Conceptually, fully-registered AXI register slices behave like a small FIFO. Use the vendor IP for production; use this code to understand what it does.

Verifying Your Pipeline: SVA Assertions#

Drop these into your testbench to catch protocol violations:

// Data must stay stable when valid && !ready
property data_stable_under_backpressure;
    @(posedge clk) disable iff (rst)
    (valid_out && !ready_in) |=> ($stable(data_out));
endproperty
assert property (data_stable_under_backpressure);

// Valid cannot drop without a transfer
property valid_until_accepted;
    @(posedge clk) disable iff (rst)
    (valid_out && !ready_in) |=> valid_out;
endproperty
assert property (valid_until_accepted);

For signals with sidebands (AXI-Stream’s tlast, tkeep, tuser), either assert each separately or pack them into a struct and assert stability on the struct. Replace valid_out with m_axis_tvalid, ready_in with m_axis_tready.

The Timing Connection#

Article 2 showed why a pipeline register can make timing worse. Here’s how that connects:

Logic-dominated path: A register slice’s output register breaks the combinational depth. This is what you want.

Route-dominated path: Adding a register slice doesn’t help if the problem is wire length. Use pblocks (Vivado) or Logic Lock regions (Quartus) to pull logic together.

Bypass skid tradeoff: Solves backpressure but adds a mux on the data path. If your path is already logic-dominated, this can hurt timing. Use a 2-entry FIFO instead-output reads from a storage flop rather than a bypass mux, giving cleaner timing characteristics.

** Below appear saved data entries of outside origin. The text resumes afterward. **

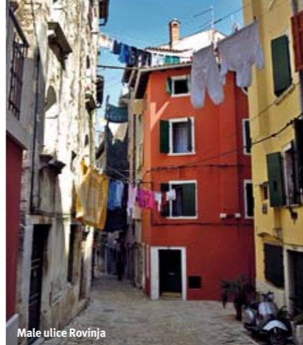
Male ulice Rovinja

koji je kopija tornja Sv. Marka u Veneciji, služi i za pokazivanje pravca vetra, s obzirom na to da se statua okreće oko svoje ose. Odavde se pruža i najlepší pogled na grad, njegovu okolinu i okolna ostrva.
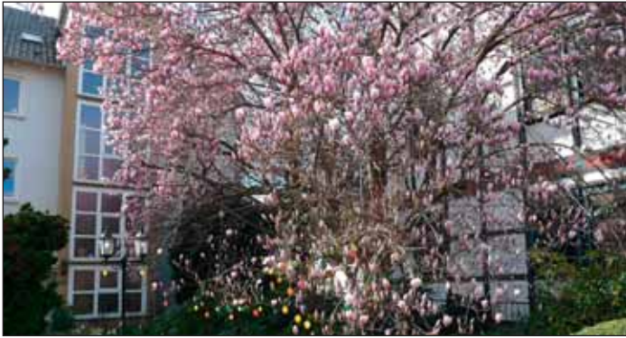
Der Frühling schmückt die Stadt.
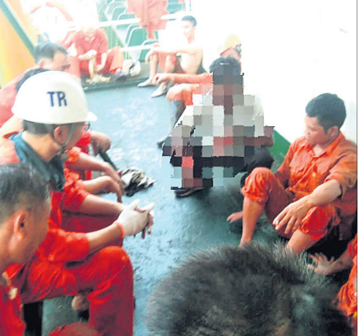
ଧାରଣାରେ ବସିଥିବା ନାବିକମାନେ ।

୨୦୨୩ ନଭେମ୍ବର ୩୦ରେ ପଶ୍ୟାସହା ଜାହାଜ ଏମ୍ବି ଦେବୀ ପିଆଇସିଟି ବର୍ଷରେ ଥିବାବେଳେ ସେଥିରୁ ୨୨୦ କୋଟି ଟଙ୍କାର କୋକେନ୍ ଜବତ ହୋଇଥିଲା । ଉକ୍ତ ଘଟଣା ବର୍ଷେ ପୂରିବାକୁ ବସିଥିବା ବେଳେ କୋକେନ୍ କିପରି ଜାହାଜ ଭିତରକୁ ଆସିଥିଲା ତା'ର ରହସ୍ୟ ଚପଟକାରୀ ସଂସ୍ଥା କଷ୍ଟରୁ ବିଭାଗ ସ୍ୱଳ୍ପ କରିନାହାନ୍ତି । ଅପରପକ୍ଷେ ଉକ୍ତ ଜାହାଜ ଗତ ୨୬ ତାରିଖରୁ ବନ୍ଦ ବର୍ଷ ପାଖକୁ ଆସି ଆଉ ଯାଇ ପାରୁନାହିଁ । କାରଣ ସେଥିରେ ଥିବା ୨୧ ଜଣ ଭିଏଟନାମ ନାବିକ କାମ ବନ୍ଦ କରି ଧାରଣା ଦେଇଛନ୍ତି । ଉକ୍ତ ଜାହାଜ ୨୬ ତାରିଖରୁ ଏମ୍ବି ଦେବୀ (ବହୁମୁଖୀ ବର୍ଷ)ରେ ଲାଗିଥିଲା । ଶୁକ୍ରବାର ଉକ୍ତ ଏମ୍ବି ନଅ ଅଧିକ କେନ୍ଦ୍ରକୁ ଘାଣ୍ଟିବାକୁ କୋକେନ୍ କୋକେନ୍ ନାବିକମାନଙ୍କ ଛିଡି ଅନୁଧ୍ୟାନ କରିବା ପାଇଁ ଭିଏଟନାମର ଜଣେ ପ୍ରତିନିଧି ପାରାଦୀପ ଆସିଥିଲେ । ତାଙ୍କୁ ଜାହାଜ ଭିତରକୁ ଯିବା

Register slice tradeoff: Breaks timing paths but can worsen placement if it pulls logic apart across the die. Check placement before and after.

Common Pipelining Mistakes#

Mistake	What Happens	Fix
Pipeline `data` but not `valid`	Downstream captures stale data	Always register together
Pipeline `valid` but not `data`	Downstream captures garbage	Always register together
Register `ready` without storage	Data lost during backpressure	Use skid buffer or FIFO
Bypass skid on timing-critical path	Forward path still combinational	Use 2-entry FIFO
Update output unconditionally	Overwrites data during stall	Gate on `ready` ‖ `!valid`
Pipeline depth mismatch	Control and data desynchronize	Audit pipeline depths
Forget to pipeline sideband	`last`, `keep`, `user` out of sync	Include ALL signals

The Sideband Trap#

AXI-Stream has tvalid, tready, tdata-and also tlast, tkeep, tuser, tid, tdest. Every signal must pipeline together:

// Single-entry slice with sidebands
wire accept = m_axis_tready || !m_axis_tvalid;

always_ff @(posedge clk) begin
    if (rst) begin
        m_axis_tvalid <= 1'b0;
    end else if (accept) begin
        m_axis_tvalid <= s_axis_tvalid;
        m_axis_tdata  <= s_axis_tdata;
        m_axis_tlast  <= s_axis_tlast;
        m_axis_tkeep  <= s_axis_tkeep;
        m_axis_tuser  <= s_axis_tuser;
    end
end

assign s_axis_tready = accept;

This single-entry slice breaks forward timing. The ready path remains combinational. It’s protocol-correct under sustained backpressure, but provides no extra buffering. If ready is delayed anywhere in your pipeline, you need a 2-entry FIFO or the vendor IP.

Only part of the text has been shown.